CHAPTER TWENTY-TWO || THIERRY
I wrenched the vampire off Jeremy and hurled him into the side of a shipping container. Metal buckled with a deafening clang where the creature struck.
Though I spent a not-insignificant portion of my life in varying degrees of annoyance with everyone around me, it had been a long time since I’d truly gotten angry.
The world narrowed to the vampire in front of me.
One truth blotted out everything else: this thing had hurt my mate.
My wolf.
It rose slowly, fangs bared, Jeremy’s blood staining its mouth crimson. Malice burned in its eyes.
An eerie calm settled over me. This was a predator. It would always be a predator. And it had tried to kill someone I cared about.
It would take more lives unless it was stopped.
What I had to do now was very simple.
It rushed me, enraged I’d ruined its kill.
My senses slowed to a crawl. The vampire charged at me in slow motion, unaware its life was about to end. Jeremy was bleeding on the ground, and I couldn’t go to him until this thing was destroyed.
This time, I didn’t bother with hurting it. I went straight for the kill.
I drove my hand through its chest. Fabric tore and bone snapped.
Its eyes widened. Its lips parted. The gasp it made sounded human, but I wasn’t fooled.

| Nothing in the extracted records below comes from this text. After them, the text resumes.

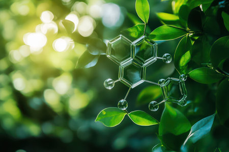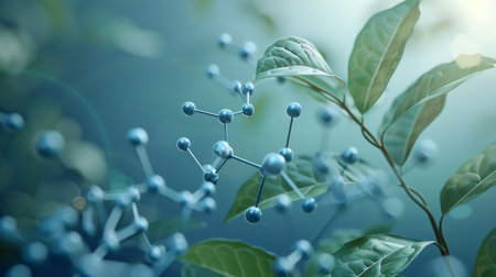 L-Theanine Molecular Structure Visualization on Blurry Green Bokeh Leaves in a Science Lab Setting
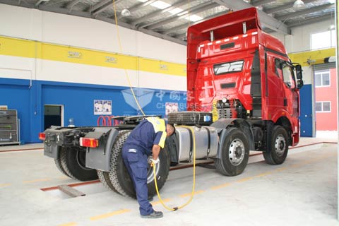 大卡车开进米其林卡客车专业店内享受服务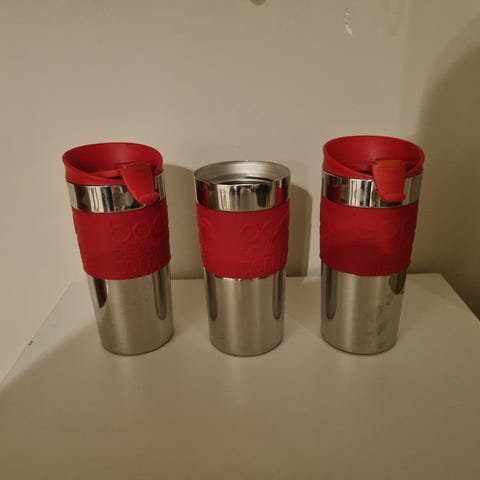 Selger denne termokoppen. Den er praktisk til å holde drikker varme eller kalde.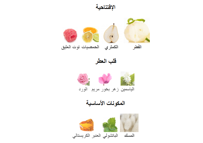 - فاكهي/ حلو/ منعش/ مسكي/ الحمضيات/ الباتشولي/ ناعم/زهري/ ورد

A savage, white-hot rage flared when my fingers closed around its unbeating heart.
It had tried to kill Jeremy.
It needed to die.
“Thierry, stop!”
The murderous calm shattered. I froze.
“That’s Quinn!” Jeremy shouted. “He was a person , just like you and me. Remember what you told me—this was done to him.”
I hesitated, my gaze glued to Jeremy.
He clutched one hand to his neck. But there was no blood now—either the bite wasn’t as bad as I’d thought, or his healing had already begun to kick in. My wolf was on his feet, his other hand out toward me, coaxing like one might calm a cornered animal.
A flash of annoyance cut through the concern. I didn’t need to be managed. Certainly not by him.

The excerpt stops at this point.